Beyond light, the project explores circularity through material experimentation with lemon peels—a speculative but grounded approach to architectural biowaste. Recognising that the building would produce large volumes of citrus waste in the form of immunity drinks, the research investigates methods of converting lemon peel into usable interior materials. Tests combined peel powder or hand-milled grains with pectin, water, glycerin, and plaster to create a series of blocks with varying strength, flexibility, water resistance, and thermal properties. Notably, Samples 8 and 12 demonstrated high resilience and leather-like texture, indicating potential as bio-fabric or finish material. However, water resistance remains a challenge—certain samples became sticky or fragile after prolonged moisture exposure, prompting considerations for further treatment or composite development.

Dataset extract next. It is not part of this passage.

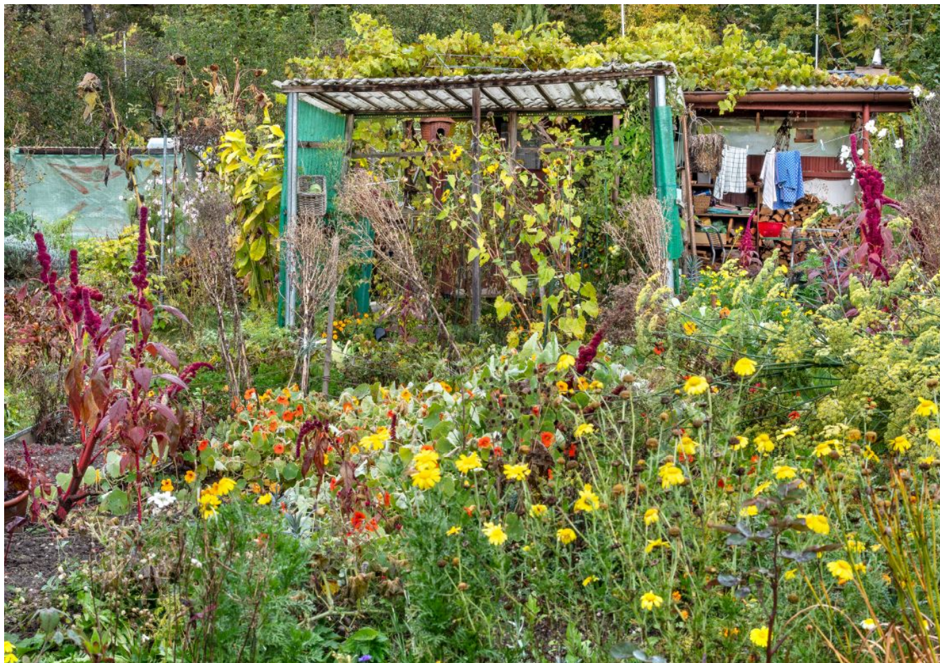
В саду у президентши

Министр финансов Ули Маурэр решил, видимо, подняться над суетой и предложил вид с вершины Стокхорн, в Бернских Преальпах. Снег и солнце – беспроигрышный выбор для истинного швейцарца!

In summary, the project’s technical framework balances poetic symbolism with empirical experimentation. Its light manipulation devices, climatic adaptability, and food-waste circularity serve not only as architectural techniques but as contributions to a broader discourse on biocentric and regenerative design. Here, technology is not just integrated—it is narratively and materially embedded into the logic of the building.

6. Final Film

The final film was an opportunity for me to return to the original unit brief: imagining an alternate universe rooted in Mexican and Mayan context. Rather than making a conventional architectural animation, I approached the film as a cinematic piece that captures the atmosphere, logic, and speculative narrative behind the project. The tone is deliberately slow and reflective, with an emphasis on material texture, light movement, and the ritual-like quality of environmental testing.

Visualising
the
Absolute Immunity

It combines footage from my physical experiments—such as light redirection using Fresnel lenses and steam generation systems—with animations and model shots to suggest how these ideas translate into built space. The film doesn’t explain everything directly but instead focuses on building a sense of place and logic within this speculative world. I wanted the visuals to feel observational, like a quiet document of a real yet unfamiliar environment.

By blending physical testing, ambient observation, and subtle narrative framing, the film becomes part of the design itself—another way to explore what it means to build a research centre for planetary immunity in a parallel timeline. It complements the rest of the project by offering a different mode of storytelling—one less about function, and more about atmosphere and intent.